Rays of sunlight pierce the green forest canopy above me on my morning walk. They make me think of stage lights at a theatre, beams spotlight patches of furry moss, the forest floor cluttered with a carpet of fallen leaves that touch every possible shade of russet & brown & gold.
Tree trunks wider than outstretched arms, bark thick like elephants hides furrowed & wrinkled with the years. Holly berries lipstick red, spiderwebs laced with morning dew, icing sugar white. You can taste the season on your tongue, smell it, feel it.

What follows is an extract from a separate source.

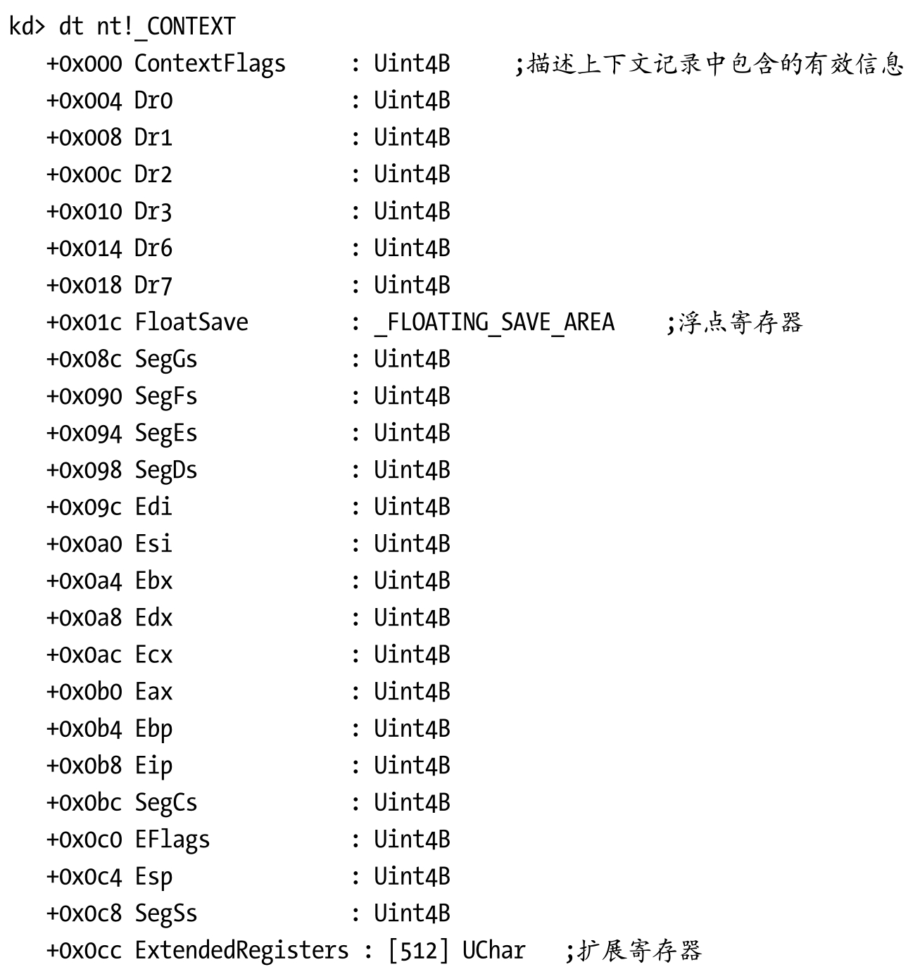 CONTEXT上下文记录保存完整寄存器信息,部分是从KTRAP_FRAME复制来的。上下文记录描述了在发生异常时的机器状态。这个记录与硬件体系结构相关,是不可移植的。因此,在一般情况下,软件不应该使用该记录包含的信息。但与硬件体系结构相关的代码,如数学库,可以利用这些信息来优化某些操作。对于硬件触发的异常,上下文会记录在异常发生时机器的完整状态。对于一个软件触发的异常,上下文只会记录异常发生那一刻机器的状态。

I had forgotten how beautiful autumn can be in England, maybe it was too many memories of summers that seemed to finish before they started, or rarer still those English summers which are filled with sun that you wish won’t end. This late September is a deep red wine swirled round the glass, rich and sticky. I am walking in the woods & it feels good to be here, now.
Yesterday I came across an old friend I’d not seen in years, I was shocked to see that time hadn’t been kind to them, a heart attack and more weighed heavily. Inevitably this made me consider myself and how I am moving along through my own time, several years of wandering behind me, future direction uncertain. I carry my fuck ups & regrets, ( song cue – I’ve had a few ), it’s impossible not to accumulate baggage as you go, on my morning walk I think of making a wish, prayers not being my thing. My wish would be to grow old slightly disgracefully, but I am in no rush. I would prefer it to take an age, because I’ve many adventures yet to fit in, I’d like my autumn rich with wine & with people that call me their friend. To laugh a lot and cry just a little & tell a person or two that I love them and maybe hear the same thing along the way.
Other than these how could anything else in the world be in slightest important.